Dabei spielt die Art und Weise der Erinnerung eine ähnliche Rolle wie die Erinnerung selbst. Aber Anderson kommt immer wieder zu sehr abgedroschenen und uninspirierten Folgerungen, die letztlich ungewollt wie ein hilfloser Versuch des Trosts wirken. Dem Voice-over könnte man zudem deutlich mehr abgewinnen, wenn er nicht in einer derartigen Wärme und Sicherheit gesprochen würde. Es klingt als würde Anderson die Geschichten einem kleinen Kind vor dem Einschlafen erzählen. Dabei stößt Anderson auf Verbindungen zwischen Liebe und Tod, die man letztlich schon hunderte Male besser erzählt bekommen hat.

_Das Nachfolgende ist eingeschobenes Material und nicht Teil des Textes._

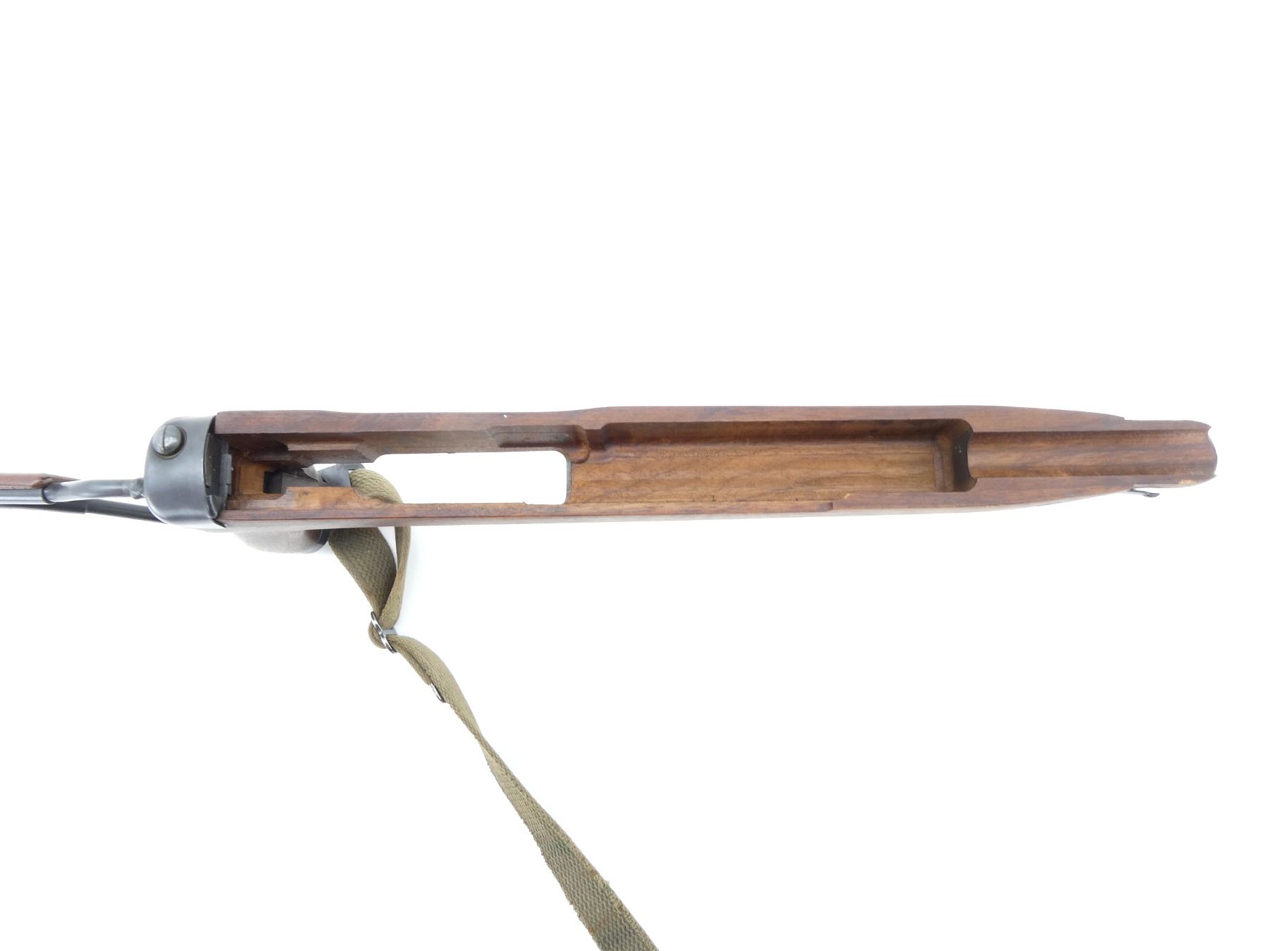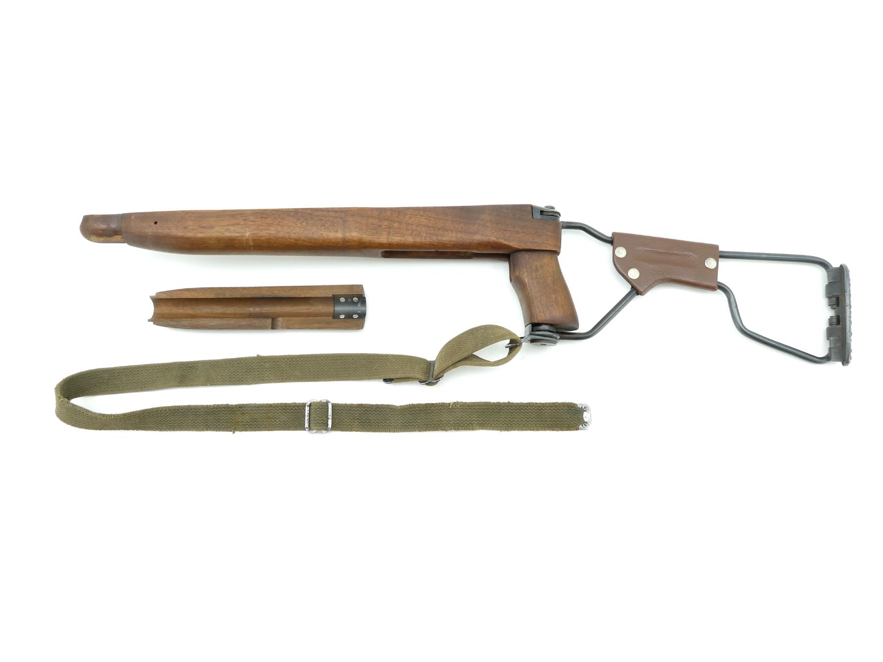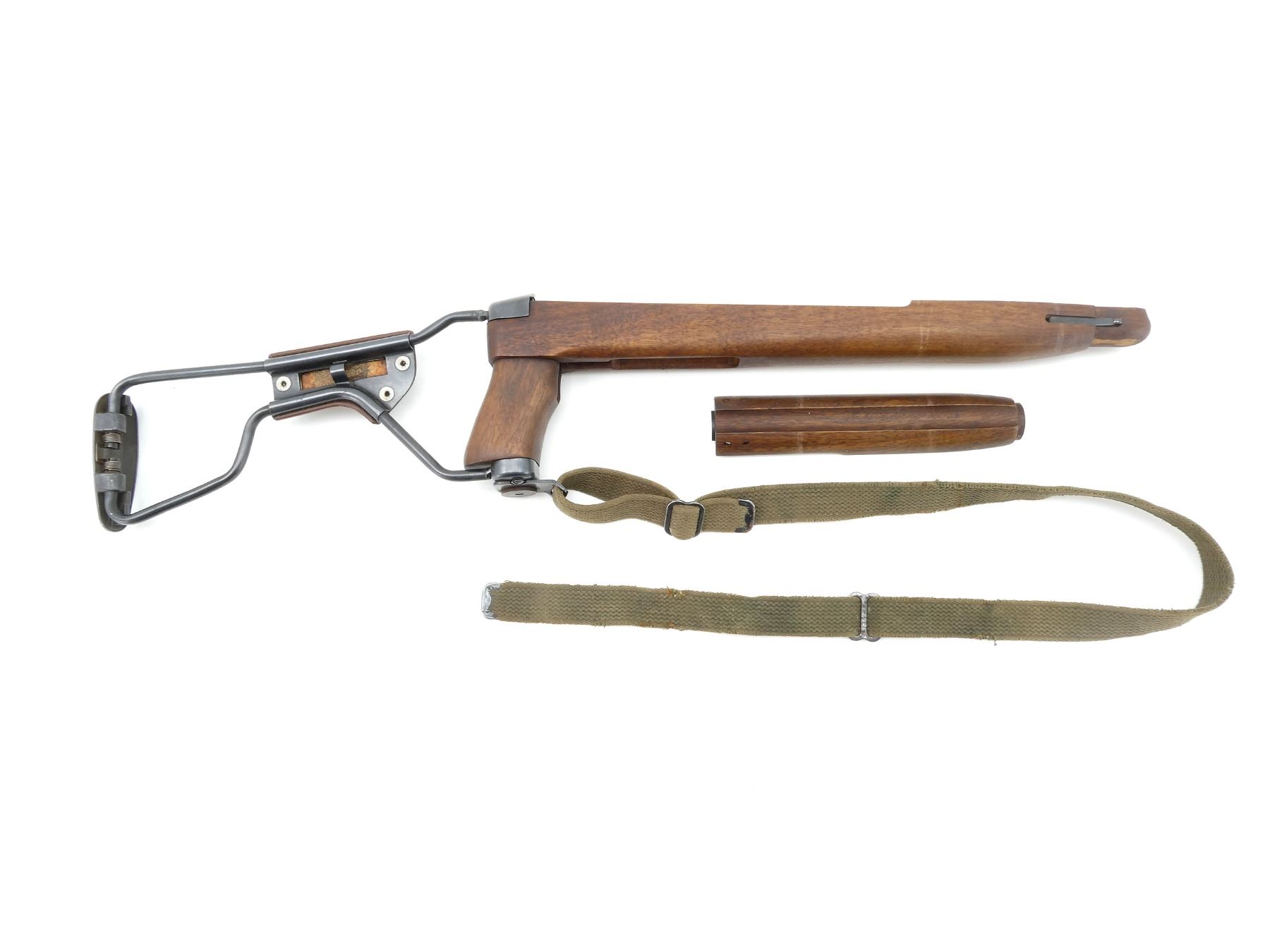 (1) WOODEN BUTT STOCK WITH METAL & POLYMER FOLDING FITTINGS, UNMARKED, METAL BUTT PLATE, BOTTOM SLING SWIVEL WITH GREEN CANVAS SLING ATTACHED, SLING UNMARKED, FOLDED APPROX. 17.5" & OVERALL LENGTH APPROX. 27.75" & (1) WOODEN HAND GUARD, OVERALL LENGTH APPROX. 8". MAY REQUIRE FITTING. SEE PHOTOS.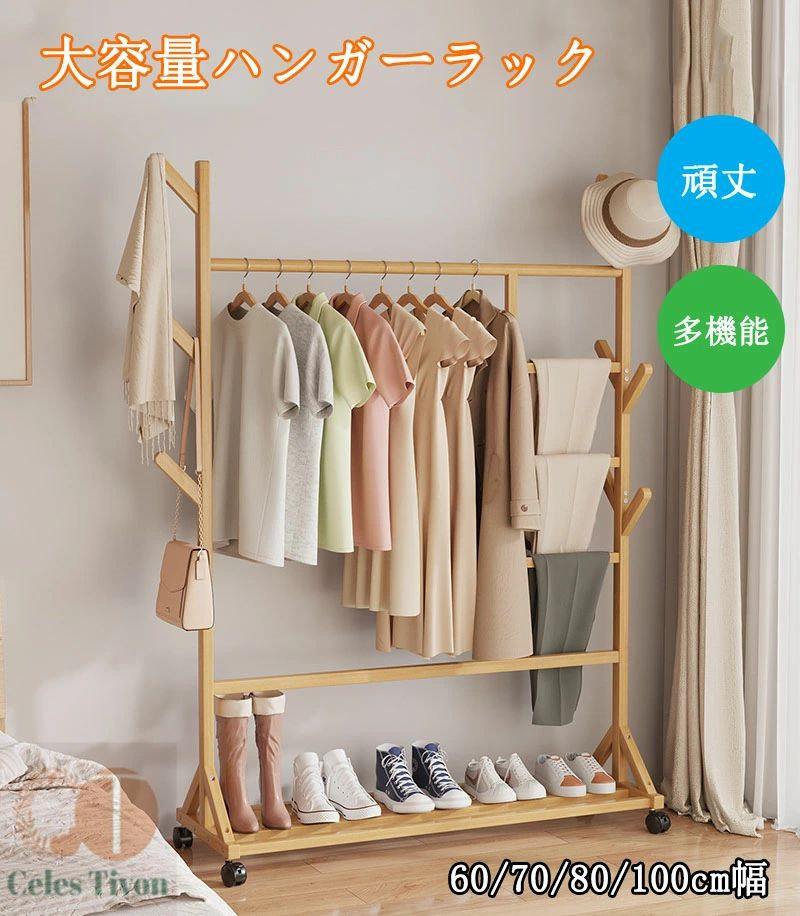 ハンガーラック おしゃれ 80cm幅 木製 ウッドラック 天然木 ポールハンガー コート 洋服掛け はんがーラック 多機能 収納物干し 布団干し ポール 組立簡単 頑丈 大容量 玄関 家庭用 6 寝室
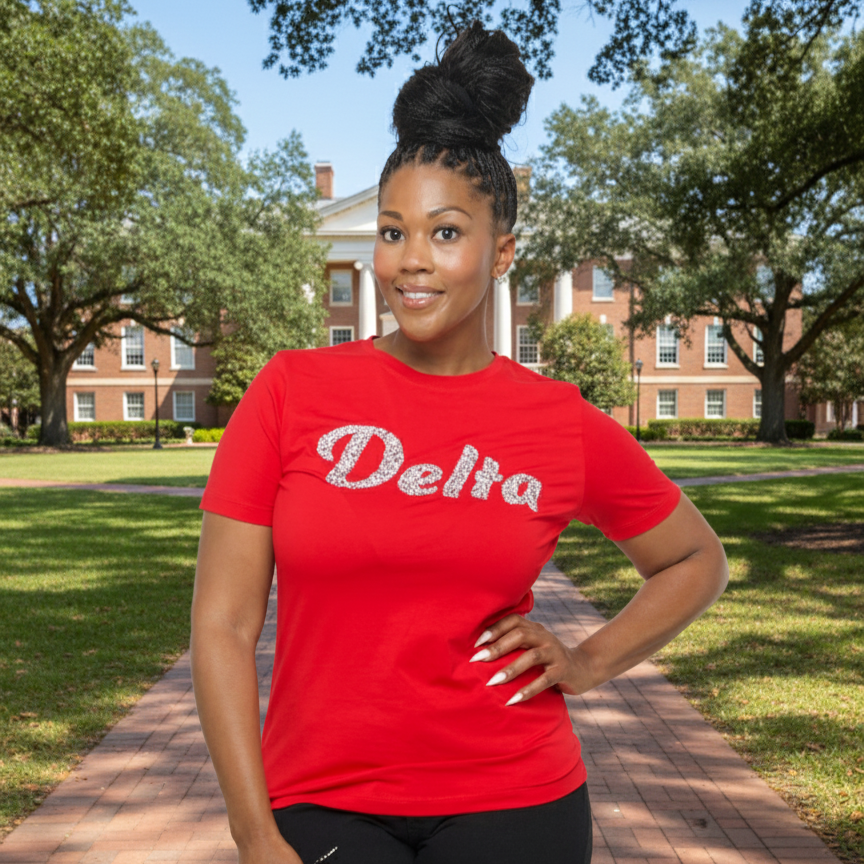 Make a bold statement with our Red 'Delta' Diamond Shirt Top. This eye-catching piece blends timeless style with a modern twist, featuring sparkling rhinestone detailing that proudly displays "Delta" in bold letters. Crafted with soft, breathable fabric, this top offers both comfort and style for every occasion. Perfect for showcasing your Delta pride while maintaining a chic, sophisticated look. Whether you're at a casual gathering or an event, this top ensures you stand out effortlessly.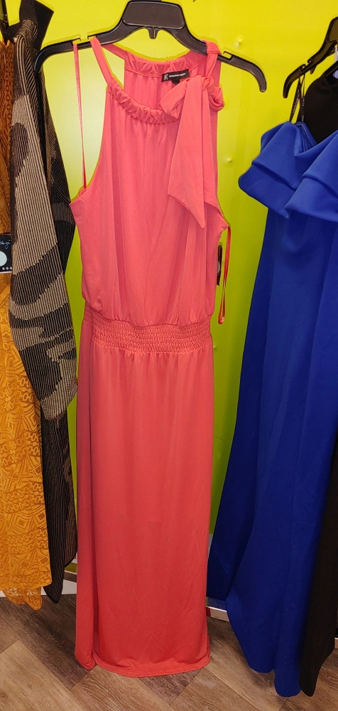 Flowy coral maxi dress. Features halter neck and empire waist. Lightweight material, perfect for summer.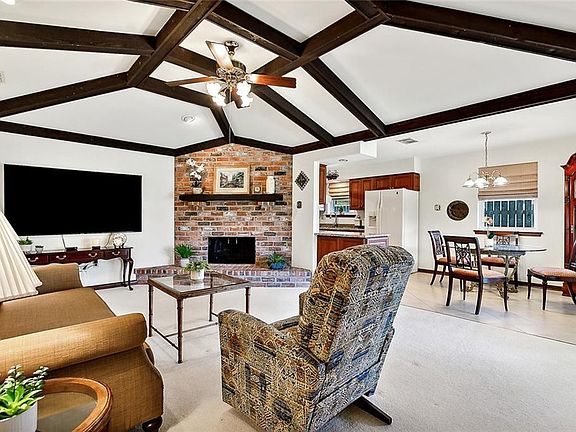 Located in the highly desirable Elmwood Park subdivision, this beautifully maintained 3-bedroom, 2-bathroom home is full of charm and curb appeal. Lush landscaping welcomes you as you approach, and inside, you'll find a bright living room with vaulted ceilings and a cozy wood-burning fireplace. The kitchen boasts upscale cabinetry, granite countertops, and stainless-steel appliances including a double oven that is less than a month old. The home also features a brand-new AC system (both in the attic and Trane compressor), and the roof is less than 5 years old. Two of the bedrooms offer double closets, providing ample storage. This home has never been smoked in and has never had any pets. Step outside to a spacious covered patio and fully fenced backyard—perfect for entertaining or relaxing. Convenient attached garage. With great schools nearby and located in an X flood zone with an assumable flood policy of just $765/year, this home is a true gem!

So mischen sich buddhistische Überlegungen mit Allerweltsfloskeln und es ist sicherlich eine Qualität von Anderson, dass sie trotzdem hier und da etwas Anhaltendes und Wahres zu sagen hat. Dennoch ist der Voice-over sogar die bessere Hälfte des Films, denn die Bilder, die die fantastisch angehauchten und mit Marmelade überzogenen Worte begleiten, sind zum Teil derart willkürlich animiert, dass sie weder als Visualisierung noch als eigenständige Kraft herhalten können. Zugegeben gilt das nicht für alle Bilder, denn insbesondere gegen Ende des Films gibt es wie aus dem Nichts ein paar wunderschöne 8mm-Bilder, die sich gleichzeitig auflösen und in Schönheit erstrahlen. Anderson verwendet gemischtes Material. Man sieht Filmaufnahmen, Handybilder, Go-Pro-Aufnahmen, Drohnenflüge und Animationen. Diese unterschiedlichen Stile helfen der Filmemacherin hier und da, ihren hauseigenen magischen Realismus mit der Realität zu verknüpfen, aber prinzipiell sind sie Selbstzweck. Für sich haben diese Bilder keine Funktion. Auch bemerkt man keine wirkliche Freude am Experiment. Einzig in manchen Doppelbelichtungen entsteht hier und da eine Idee oder eine Emotion.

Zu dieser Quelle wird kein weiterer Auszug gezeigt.